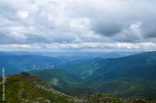 mountain, landscape, sky, nature, mountain, green, view, cloud, summer, panorama, blue, forest, hill, vale, travel, grass, peak, cloud, panoramic, tree, beautiful, rock, tour tourism, alps, ridge, range, ukraine, background, stone, slope, hiking, scenic
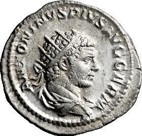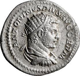 14. CARACALLA; 198-217 AD, Rome, 217 AD, Antoninianus, 3.79g. BM-187, pl. 72.17. Obv: ANTONINVS PIVS AVG GERM Bust radiate, cuirassed r., seen from front. Rx: P
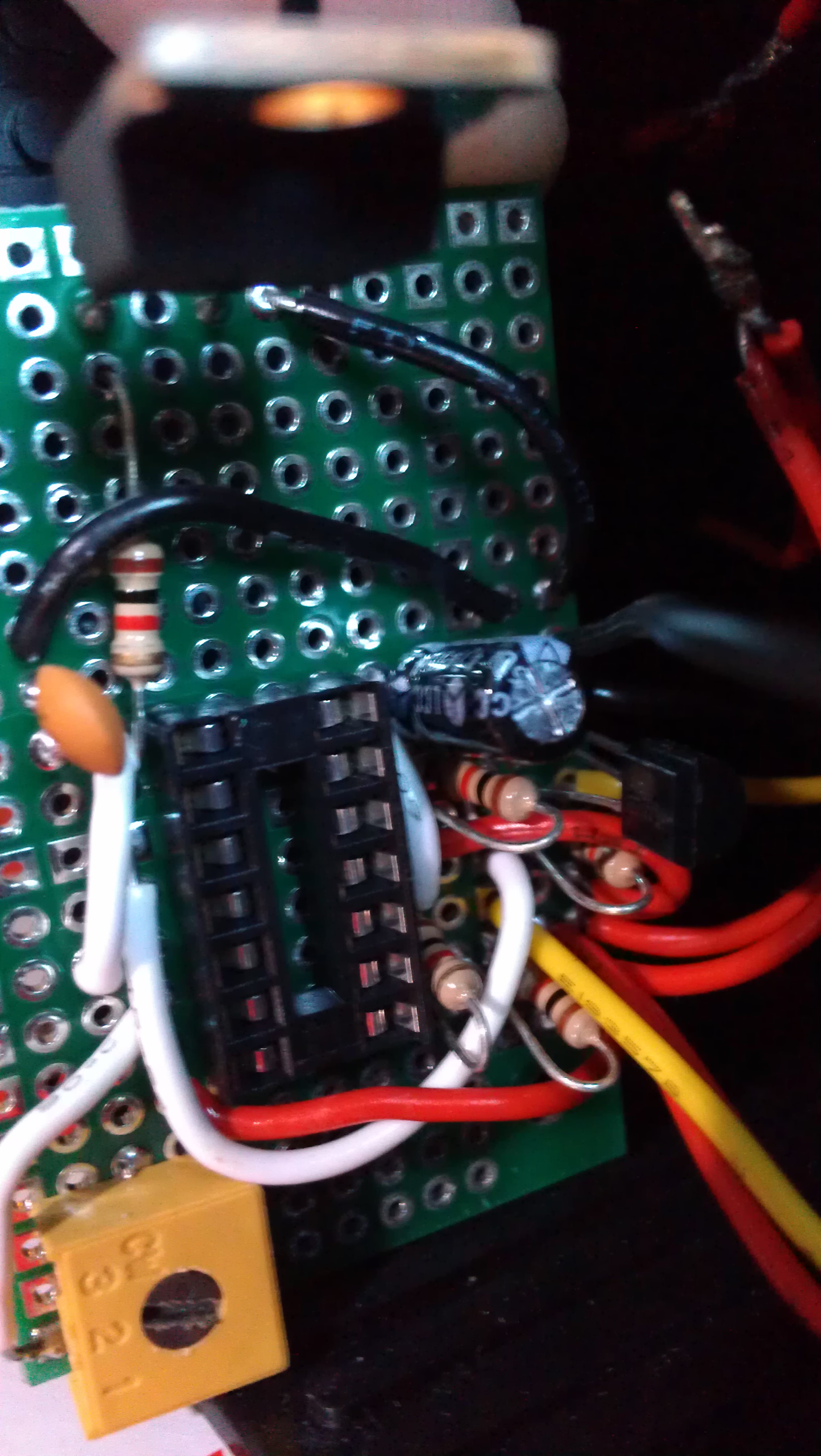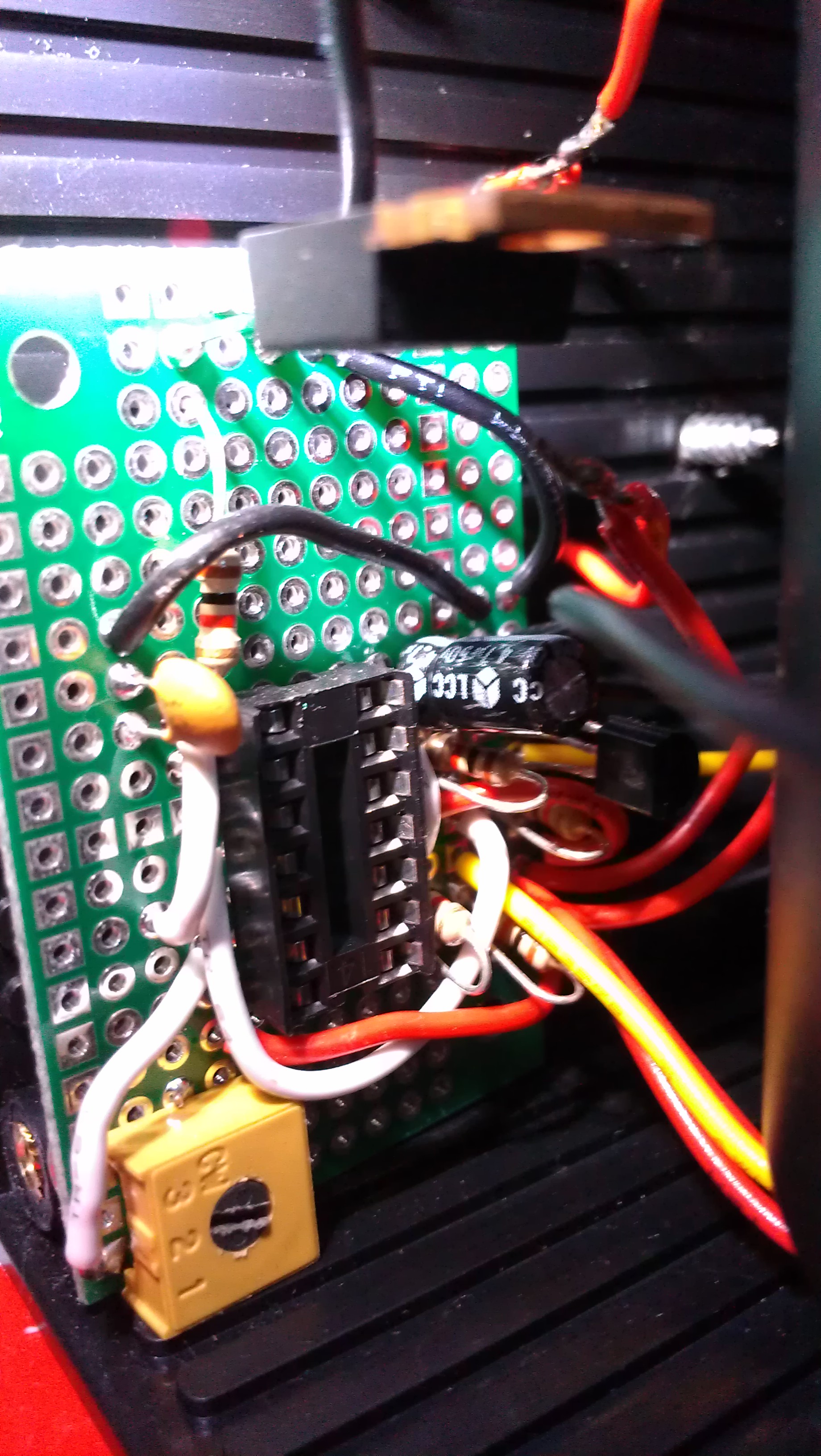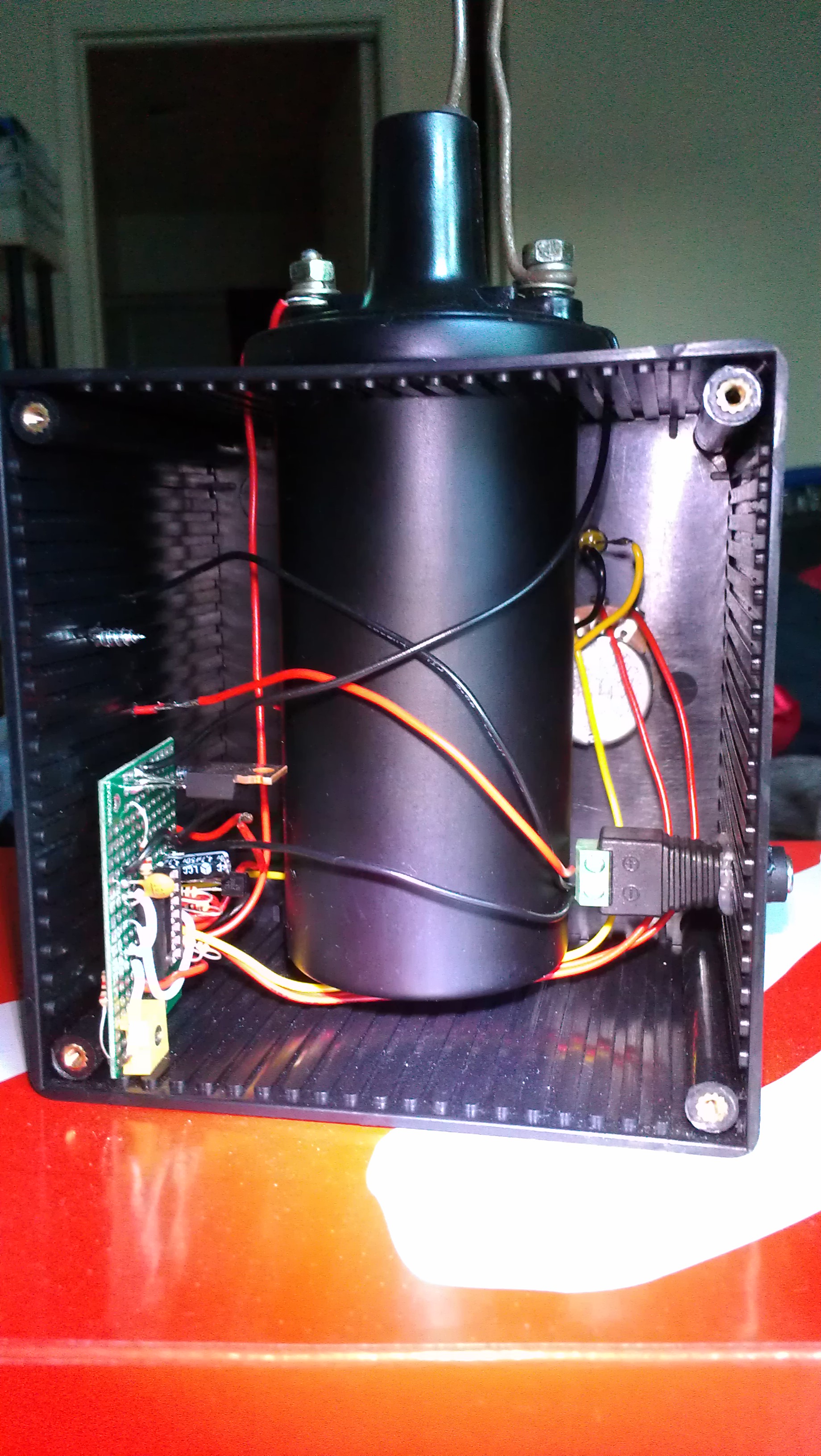 I built the desktop Jacob's ladder from the pdf files found on the Thinkbotics website (http://www.thinkbotics.com/products.htm http://www.thinkbotics.com/jacobs-ladder-article.zip). However, I am not getting a Jacob's ladder effect from the device; it is more like a spark gap. I've tried different shapes for the electrodes (wider, narrower, different angles, etc.), but the electricity only likes to hang out at the closest gap in brief arcs. The repetition rate pot does change the frequency of sparks, but the arc does not rise at all. I modified the circuit to run off of a 12-volt wall wart, and measurements with a KVM show that the circuit is getting pretty close to 12 volts. The major problem I am experiencing right now is that after switching the device on, I only get about 3 or 4 arcs before the 556 IC burns out; no matter what the repetition rate or trim pot is at, the IC just fries. I've tested the transistors and diodes as well, and they all seem fine. Any suggestions for troubleshooting? I linked some photos of my circuit as well. (https://www.wandkr.com/special/IMAG0608.jpg https://www.wireandkloudready.com/special/IMAG0609.jpg https://www.wandkr.com/special/IMAG0610.jpg https://www.wandkr.com/special/IMAG0611.jpg )
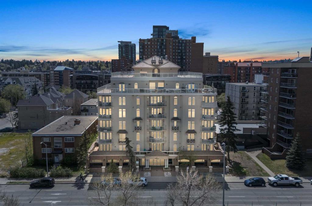 Step inside this stunning corner suite in the iconic Monaco building in Calgary’s trendy Beltline district, where timeless Mediterranean-inspired architecture meets modern urban living. Designed with meticulous attention to detail, this residence features arched walls, sculpted ceilings, and grand crown moulding, creating a sense of sophistication and style throughout. Expansive arched windows invite natural light to pour into the open living space, highlighting the impressive 9 ft ceilings and enhancing the feeling of spaciousness. The architectural allure continues with French doors leading to a massive private balcony that spans the entire corner of the unit – perfect for outdoor entertaining or enjoying city views. Inside, the kitchen exudes elegance with maple cabinetry, centre island, stainless steel appliances, seamlessly connecting to the main living area, complete with a gas fireplace with a modern niche for storage. The primary suite is a serene retreat, featuring a luxurious Jacuzzi tub and custom finishes, while the second bedroom offers ample space and versatility. Building amenities include a rooftop sun deck, bike room storage, and visitor parking, all within the security of solid concrete construction. Located in the heart of the Beltline district, you’re steps away from the Bow River pathways, Sunalta and Kirby LRT stations, a few blocks to Bow River pathways17th Avenue’s eclectic shops and cafes, and the downtown core – all wrapped in architectural charm and sophisticated design.
══════
- PROBLEM DETAILS -
Nothing but the pictures is to be left out; repeat the data exactly.

- ANSWER TO THIS EXERCISE -
 mountain, landscape, sky, nature, mountain, green, view, cloud, summer, panorama, blue, forest, hill, vale, travel, grass, peak, cloud, panoramic, tree, beautiful, rock, tour tourism, alps, ridge, range, ukraine, background, stone, slope, hiking, scenic
 14. CARACALLA; 198-217 AD, Rome, 217 AD, Antoninianus, 3.79g. BM-187, pl. 72.17. Obv: ANTONINVS PIVS AVG GERM Bust radiate, cuirassed r., seen from front. Rx: P
 I built the desktop Jacob's ladder from the pdf files found on the Thinkbotics website (http://www.thinkbotics.com/products.htm http://www.thinkbotics.com/jacobs-ladder-article.zip). However, I am not getting a Jacob's ladder effect from the device; it is more like a spark gap. I've tried different shapes for the electrodes (wider, narrower, different angles, etc.), but the electricity only likes to hang out at the closest gap in brief arcs. The repetition rate pot does change the frequency of sparks, but the arc does not rise at all. I modified the circuit to run off of a 12-volt wall wart, and measurements with a KVM show that the circuit is getting pretty close to 12 volts. The major problem I am experiencing right now is that after switching the device on, I only get about 3 or 4 arcs before the 556 IC burns out; no matter what the repetition rate or trim pot is at, the IC just fries. I've tested the transistors and diodes as well, and they all seem fine. Any suggestions for troubleshooting? I linked some photos of my circuit as well. (https://www.wandkr.com/special/IMAG0608.jpg https://www.wireandkloudready.com/special/IMAG0609.jpg https://www.wandkr.com/special/IMAG0610.jpg https://www.wandkr.com/special/IMAG0611.jpg )
 Step inside this stunning corner suite in the iconic Monaco building in Calgary’s trendy Beltline district, where timeless Mediterranean-inspired architecture meets modern urban living. Designed with meticulous attention to detail, this residence features arched walls, sculpted ceilings, and grand crown moulding, creating a sense of sophistication and style throughout. Expansive arched windows invite natural light to pour into the open living space, highlighting the impressive 9 ft ceilings and enhancing the feeling of spaciousness. The architectural allure continues with French doors leading to a massive private balcony that spans the entire corner of the unit – perfect for outdoor entertaining or enjoying city views. Inside, the kitchen exudes elegance with maple cabinetry, centre island, stainless steel appliances, seamlessly connecting to the main living area, complete with a gas fireplace with a modern niche for storage. The primary suite is a serene retreat, featuring a luxurious Jacuzzi tub and custom finishes, while the second bedroom offers ample space and versatility. Building amenities include a rooftop sun deck, bike room storage, and visitor parking, all within the security of solid concrete construction. Located in the heart of the Beltline district, you’re steps away from the Bow River pathways, Sunalta and Kirby LRT stations, a few blocks to Bow River pathways17th Avenue’s eclectic shops and cafes, and the downtown core – all wrapped in architectural charm and sophisticated design.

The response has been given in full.